I have a weird problem with postgresql. Somewhy planner thinks that accessing data via foreign key index is very slow and uses sequental scan.
There's a simplified table structure:
create table flight
(
id bigint not null constraint flight_pkey primary key,
parent_id bigint not null constraint flight_parent_fkey references flight
);
create table passenger
(
id bigint not null constraint passenger_pkey primary key,
flight_id bigint not null constraint pax_flight_fkey references flight
);
create index pax_flight_id on passenger (flight_id);
Table passenger
has about 14 million rows and table flight has around 60 thousands.
The problem is, I have a QueryDSL query with lots of optional conditions, and one of them filters passengers by their flights.
QPassenger qPassenger = QPassenger.passenger;
Long flightId = 123456;
...
BooleanBuilder predicate = new BooleanBuilder();
predicate.and(qPassenger.flight.id.eq(flightId));
...
And when I try to fetch all the passengers that fit these optional conditions it generates query like one below, and it executes for the whole thirty seconds. That's terrifying. It somewhy uses sequental scan and hash join over all the passenger
table.
select
passenger0_.id as id1_13_,
passenger0_.flight_id as flight_14_13_
from
passenger passenger0_ cross join flights flight1_
where
passenger0_.flight_id = 123456
or flight1_.parent_id = 123456
However, after a day of solution-seeking I found that using primary key of the flight
table will make postgres use primary key index:
select
passenger0_.id as id1_13_,
passenger0_.flight_id as flight_14_13_
from
passenger passenger0_ cross join flights flight1_
where
flight1_.id = 123456 -- ←this line!
or flight1_.parent_id = 123456
Unfortunately, I cannot filter rows I received by hands, as it will result in ~13 millions of rows, opposite to ~300 passengers per flight when flightId
is set.
➥ So, my question is: is there any way to tell QueryDSL/Hibernate to use the specific column for this condition?

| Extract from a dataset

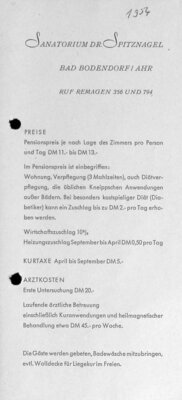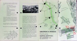 Flyer, vierfach gefaltet und einem einseitig loses eingelegten Preisblatt mit Pensionspreisen, Kosten Kurtaxe, Arzt- und Behandlungskosten. Der Flyer ist bebildert mit mir Außenaufnahmen des Sanatoriums und einem Ortspanorama, vom Reisberg Richtung Landskron aufgenommen, und Beschreibungen der Behandlungsmöglichkeiten sowie einer Anfahrskizze mit Beschreibung.

I.e. flight.id
, not passenger.flight_id
.
Or, another question: what's wrong with my PostgreSQL planner and how can I fix it?
UPD Planner's plans:
- Good query that uses primary key in WHERE-condition:
EXPLAIN ANALYZE
SELECT *
FROM passenger p JOIN flights f ON p.flight_id = f.id
WHERE (f.id = 123456
OR f.parent_id = 123456);
QUERY PLAN
Nested Loop (cost=3.66..1759.26 rows=310 width=951) (actual time=0.044..0.242 rows=184 loops=1)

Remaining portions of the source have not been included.